Exercise: Nothing but the records, copied exactly and stripped of pictures, should be in the answer.

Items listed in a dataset

※

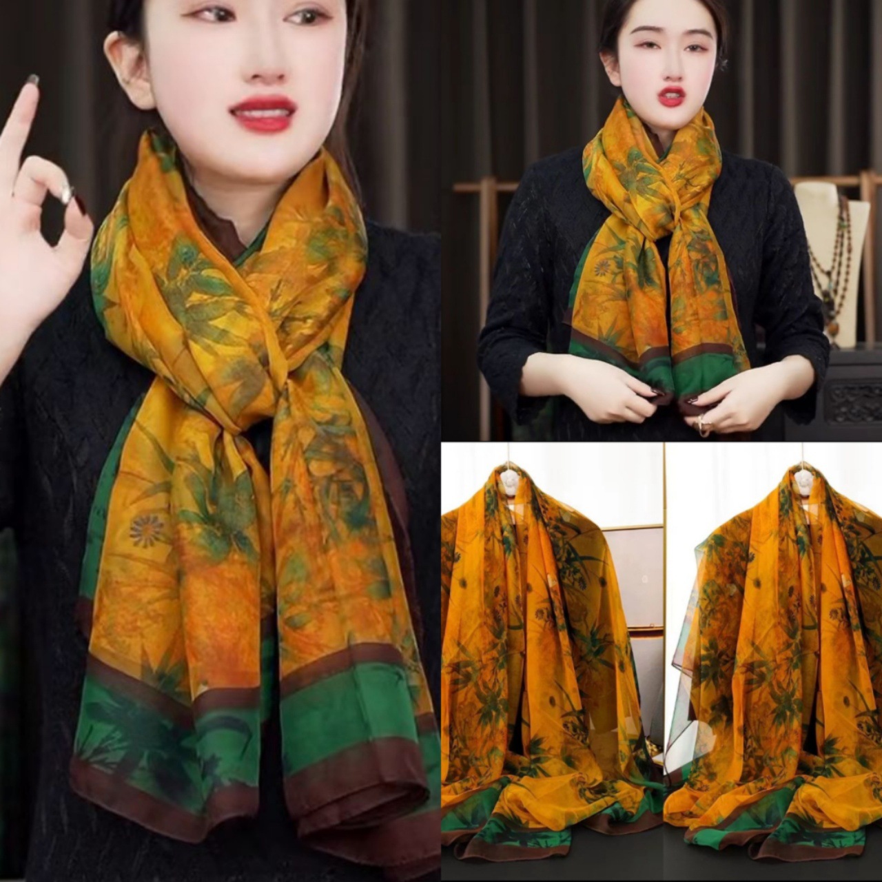 Yourou 원사 프린트 스카프 여성용 올 매치 패셔너블 오버 사이즈 비치 타월 롱 숄 스카프 듀얼 사용 서양식 스카프
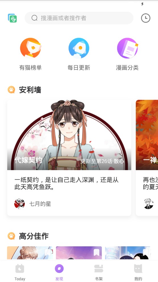 2、有猫漫画内简洁的设计ui给游戏玩家一个自然环境干净整洁的文章阅读自然环境;
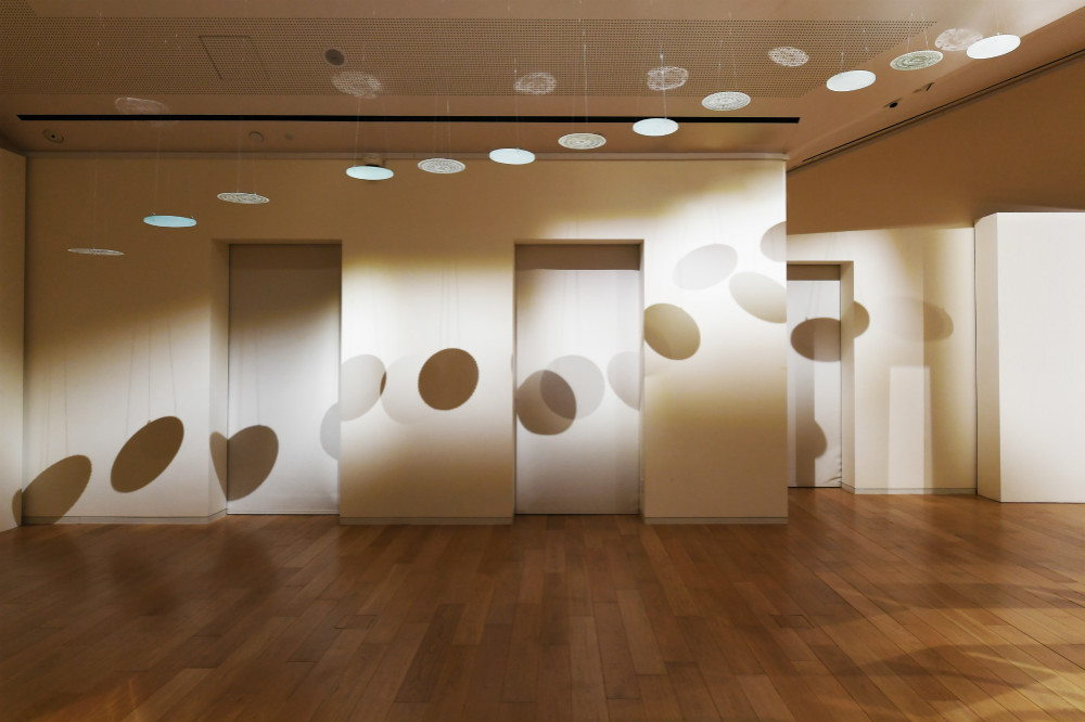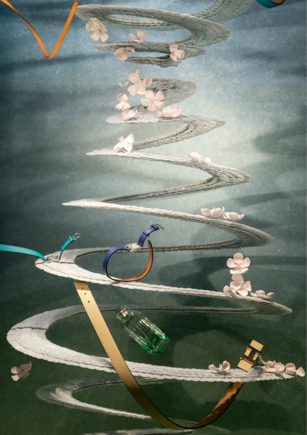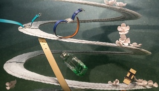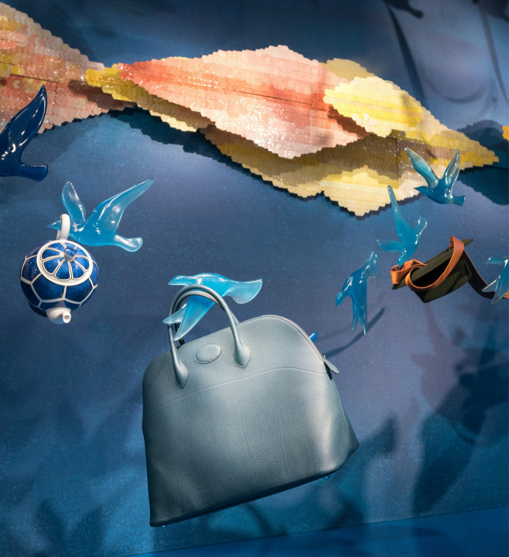 上海“爱马仕之家”2016冬季橱窗于11月24日揭幕,今年爱马仕的冬季橱窗主题为“映”,由新锐陶瓷艺术家辛瑶遥打造,她以自然界中水的不同存在方式为创作主线,将冬季橱窗变为表达水面倒影美感与色彩的自然空间,在创作手法上,她使用了几何形状与薄为1毫米的瓷片单元组合进行创作,静态诠释动态的漩涡、涟漪以及作为自然生灵形象的青鸟、锦鲤分别与爱马仕 的橱窗展品结合在了一起 。
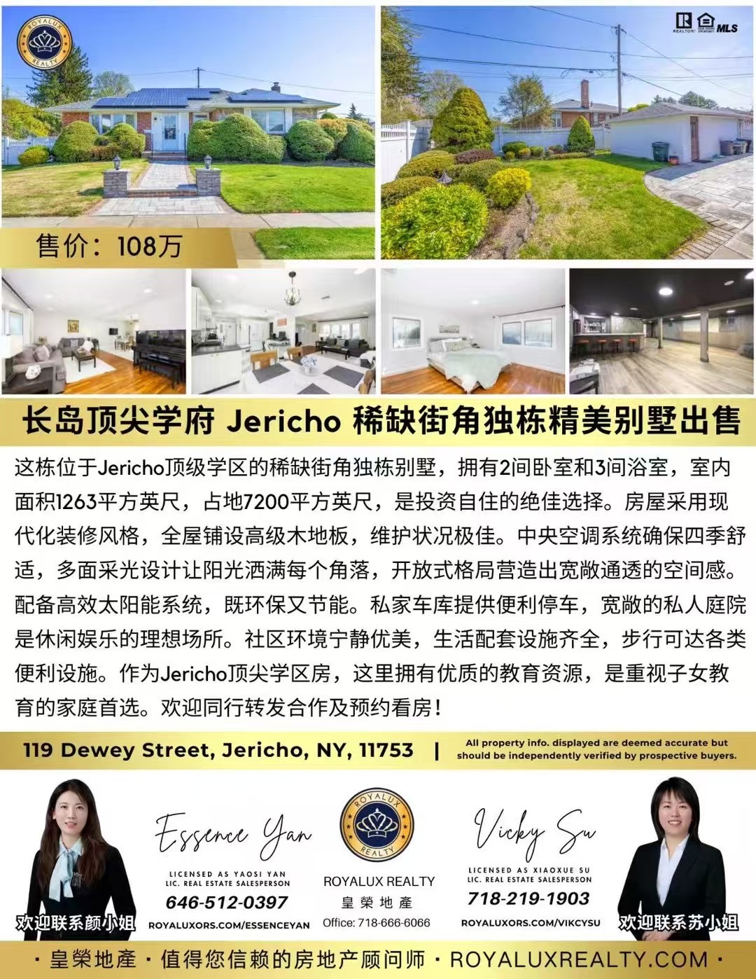 🔥皇荣地产独家代理长岛好房!!🏆长岛顶尖学府 Jericho 稀缺街角独栋精美别墅出售| 售价108万
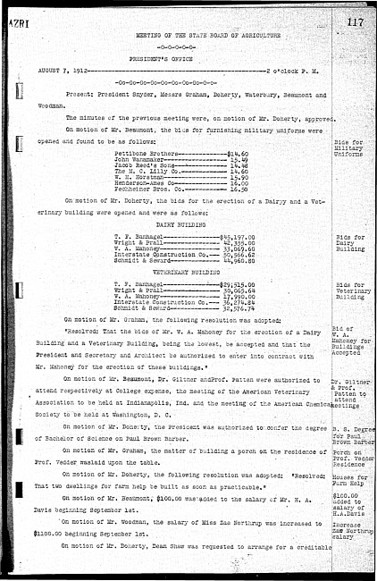Meeting minutes, August 7, 1912
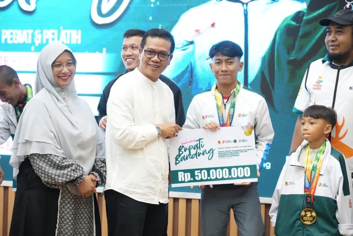 “Pada ajang FORNAS VIII NTB 2025, Kabupaten Bandung berhasil meraih 26 medali emas, 15 medali perak, dan 19 medali perunggu. Atas capaian tersebut, Kabupaten Bandung juga mendapat penghargaan langsung dari Gubernur Jawa Barat sebagai kabupaten penyumbang medali terbanyak,” ujar Emma.

※

Answer for this exercise:
 Yourou 원사 프린트 스카프 여성용 올 매치 패셔너블 오버 사이즈 비치 타월 롱 숄 스카프 듀얼 사용 서양식 스카프
 2、有猫漫画内简洁的设计ui给游戏玩家一个自然环境干净整洁的文章阅读自然环境;
 上海“爱马仕之家”2016冬季橱窗于11月24日揭幕,今年爱马仕的冬季橱窗主题为“映”,由新锐陶瓷艺术家辛瑶遥打造,她以自然界中水的不同存在方式为创作主线,将冬季橱窗变为表达水面倒影美感与色彩的自然空间,在创作手法上,她使用了几何形状与薄为1毫米的瓷片单元组合进行创作,静态诠释动态的漩涡、涟漪以及作为自然生灵形象的青鸟、锦鲤分别与爱马仕 的橱窗展品结合在了一起 。
 🔥皇荣地产独家代理长岛好房!!🏆长岛顶尖学府 Jericho 稀缺街角独栋精美别墅出售| 售价108万
Meeting minutes, August 7, 1912
 “Pada ajang FORNAS VIII NTB 2025, Kabupaten Bandung berhasil meraih 26 medali emas, 15 medali perak, dan 19 medali perunggu. Atas capaian tersebut, Kabupaten Bandung juga mendapat penghargaan langsung dari Gubernur Jawa Barat sebagai kabupaten penyumbang medali terbanyak,” ujar Emma.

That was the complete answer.